The problem -> Extract only the lines from the start of the entries below to the line with "In the following, we", inclusive; omit every picture.

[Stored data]
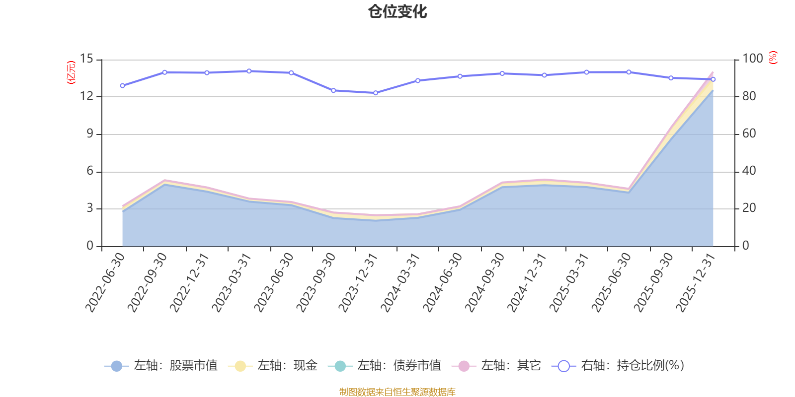 据定期报告数据统计,近三年平均股票仓位为90.21%,同类平均为88.36%。2023年一季度末基金达到93.84%的最高仓位,2023年末最低,为82.17%。
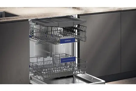 Ce lave-vaisselle entièrement intégrable Siemens SN63EX06VF d'une capacité de 14 couverts est doté de 6 programmes, de 4 options : Home Connect, Zone Intensive, Demi-charge, varioSpeed Plus (3 fois plus rapide), Paniers et tiroir flex Comfort : pour une utilisation facile, une protection efficace des verres et un chargement/déchargement rapide.
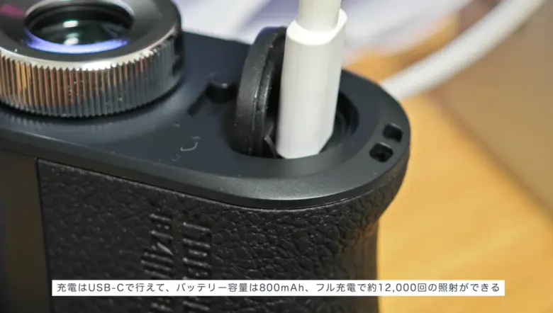 充電はUSB-Cで行えて、バッテリー容量は800mAh、フル充電で約12,000回の照射ができるということで、バッテリーはけっこう強いです。
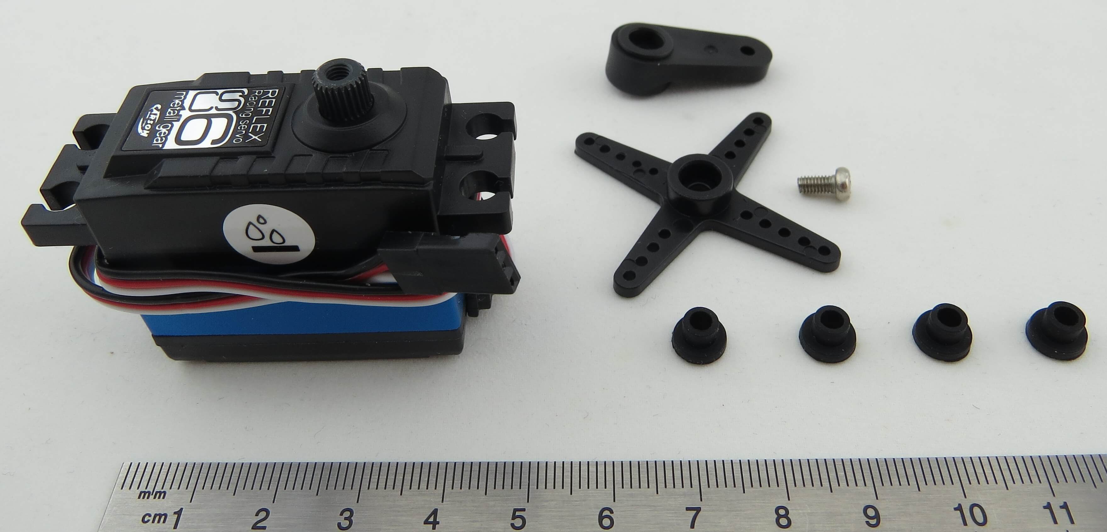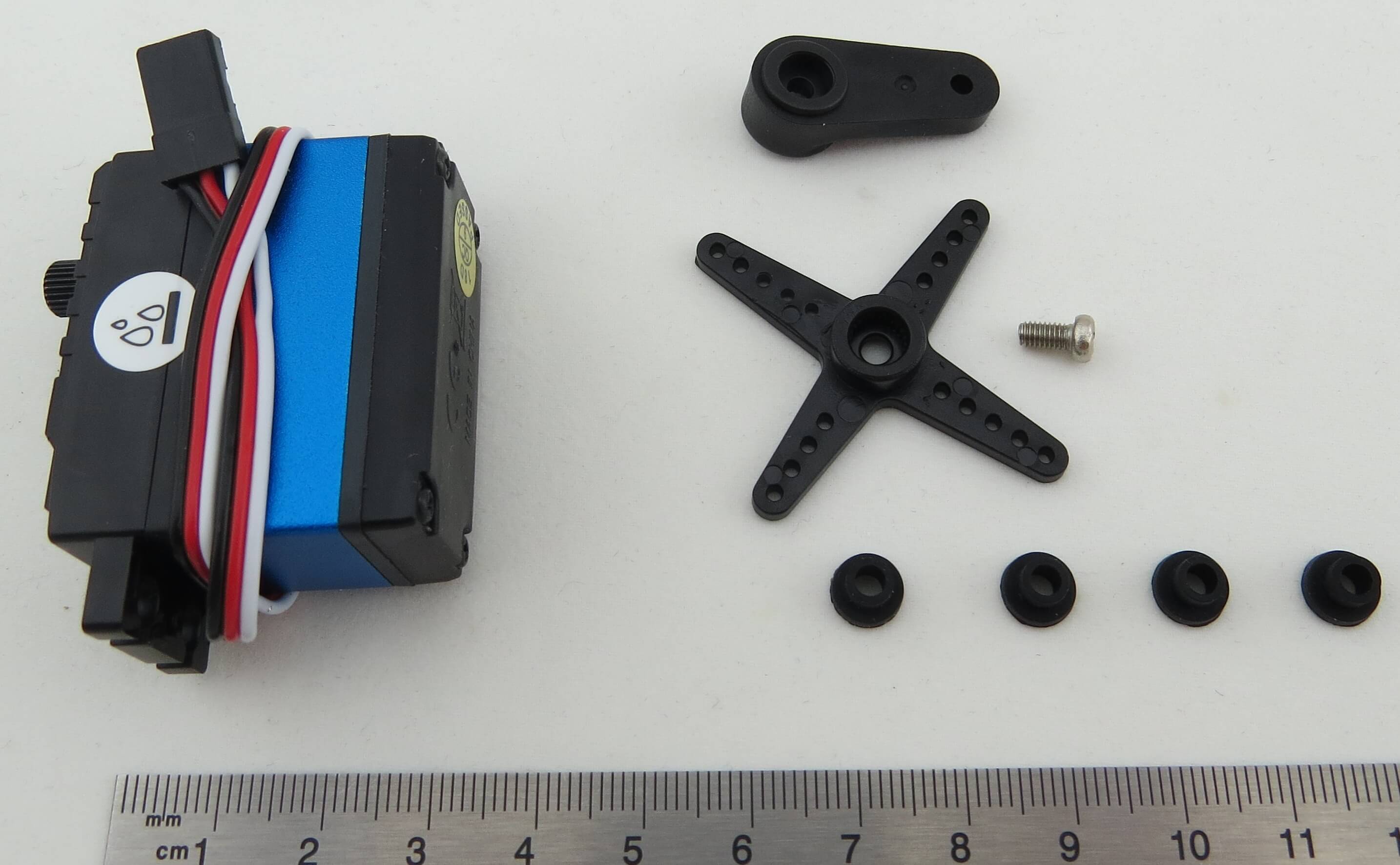 1x Waterproof-Servo CS-6MG m.JR-Stecker. Maße: 38,5x19x32mm. 4,8-6V Spannung. Stellmoment bei 6V: 60Ncm. Stellzeit ca. 0,2sec./60°. Gewicht 50 gr. Zubehör:Ruderhebel und Schrauben.
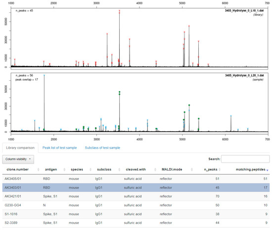 In the following, we will demonstrate how ABID 2.0 can be used to aid the spectral comparison of fingerprints. For this purpose, we used the pre-implemented default database of all SARS-CoV-2 antibodies used in this study as a reference library. Next, a sample spectrum is loaded and compared to the library. As a first example, two clones, which are undoubtedly different, but whose fingerprints appear to be rather similar, are checked. The fingerprints generated from the acidic cleavage of clones 1016 and 3405 shown in Figure 9 are chosen. The fingerprint of 3405 was used as the sample spectrum (“Load Sample”) that was compared to the default library of 36 clones (35 SARS-CoV-2 antibodies and the NIST-mAb 8671). Figure 12 shows the results of the software delivered after comparing the sample spectrum with the library. In the bottom panel, the fingerprints of the antibody in the library (including all the metadata) are sorted by the number of matching peptides (last column) with the sample spectrum. N_Peaks is the number of peaks that the software detects in total for a single spectrum, given the chosen processing parameters.
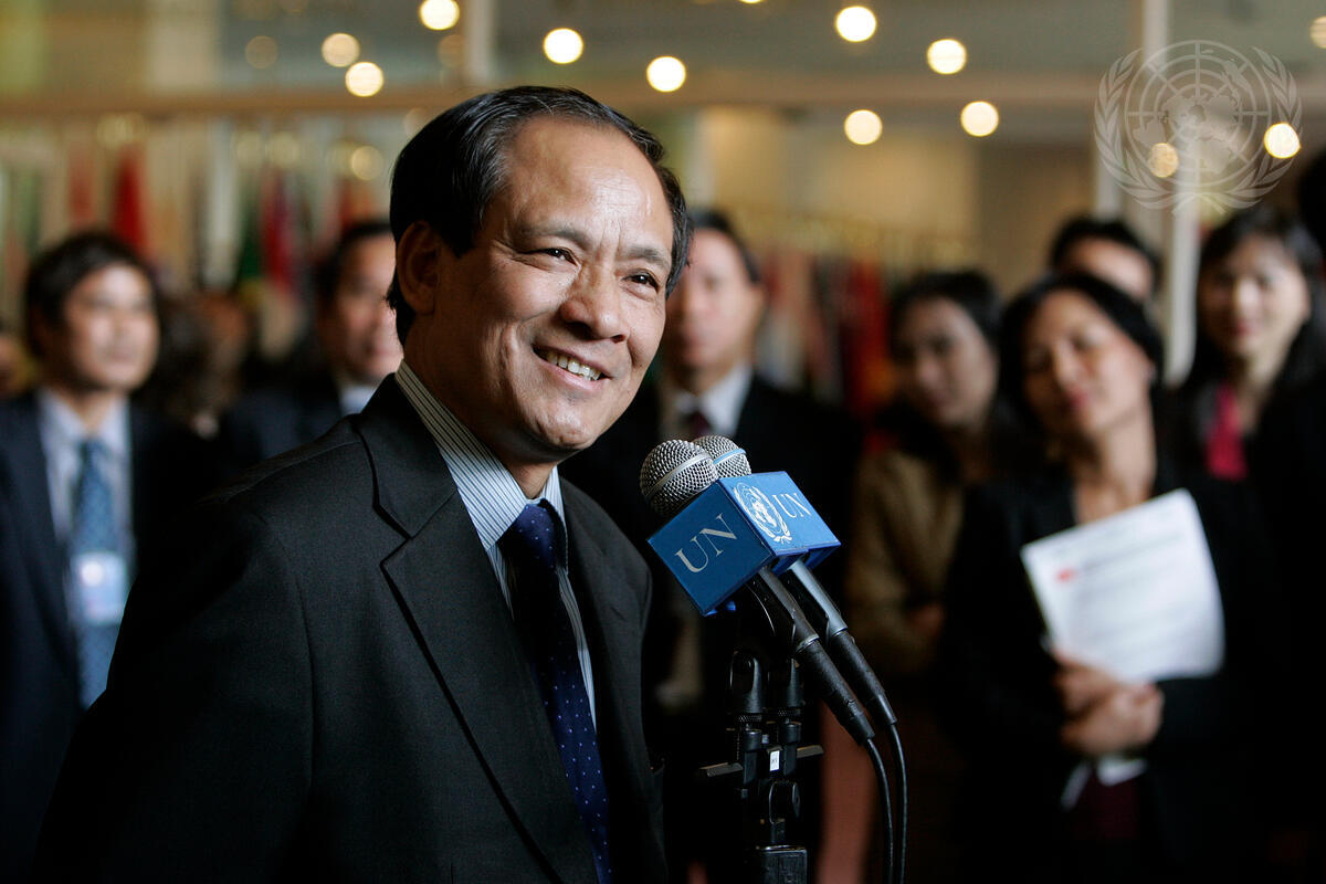 Le Luong Minh (at the microphone), Permanent Representative of the Socialist Republic of Viet Nam to the United Nations, speaks to correspondents outside the General Assembly hall after the election to a two-year term, of five non-permanent members of the Security Council, at UN Headquarters in New York.
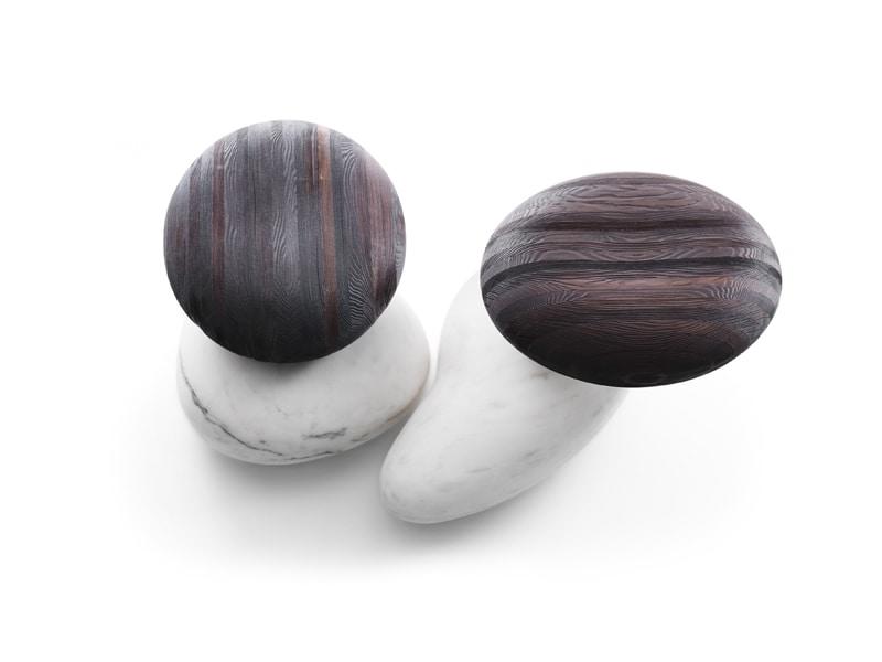 A comporre la singola seduta, la sovrapposizione di una base in marmo ed una di legno lamellare. L’accostamento dei materiali esalta un singolare contrasto fra la concentrazione materica del marmo e la leggerezza formale del legno. Il risultato è un design fluido ed aggraziato.
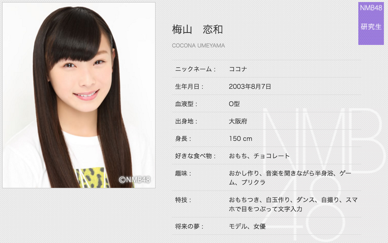 梅山恋和(うめやま・ここな)2003年8月7日生まれ、大阪府出身、中学1年生、12歳、O型、ココナ

Response area ->
 据定期报告数据统计,近三年平均股票仓位为90.21%,同类平均为88.36%。2023年一季度末基金达到93.84%的最高仓位,2023年末最低,为82.17%。
 Ce lave-vaisselle entièrement intégrable Siemens SN63EX06VF d'une capacité de 14 couverts est doté de 6 programmes, de 4 options : Home Connect, Zone Intensive, Demi-charge, varioSpeed Plus (3 fois plus rapide), Paniers et tiroir flex Comfort : pour une utilisation facile, une protection efficace des verres et un chargement/déchargement rapide.
 充電はUSB-Cで行えて、バッテリー容量は800mAh、フル充電で約12,000回の照射ができるということで、バッテリーはけっこう強いです。
 1x Waterproof-Servo CS-6MG m.JR-Stecker. Maße: 38,5x19x32mm. 4,8-6V Spannung. Stellmoment bei 6V: 60Ncm. Stellzeit ca. 0,2sec./60°. Gewicht 50 gr. Zubehör:Ruderhebel und Schrauben.
 In the following, we will demonstrate how ABID 2.0 can be used to aid the spectral comparison of fingerprints. For this purpose, we used the pre-implemented default database of all SARS-CoV-2 antibodies used in this study as a reference library. Next, a sample spectrum is loaded and compared to the library. As a first example, two clones, which are undoubtedly different, but whose fingerprints appear to be rather similar, are checked. The fingerprints generated from the acidic cleavage of clones 1016 and 3405 shown in Figure 9 are chosen. The fingerprint of 3405 was used as the sample spectrum (“Load Sample”) that was compared to the default library of 36 clones (35 SARS-CoV-2 antibodies and the NIST-mAb 8671). Figure 12 shows the results of the software delivered after comparing the sample spectrum with the library. In the bottom panel, the fingerprints of the antibody in the library (including all the metadata) are sorted by the number of matching peptides (last column) with the sample spectrum. N_Peaks is the number of peaks that the software detects in total for a single spectrum, given the chosen processing parameters.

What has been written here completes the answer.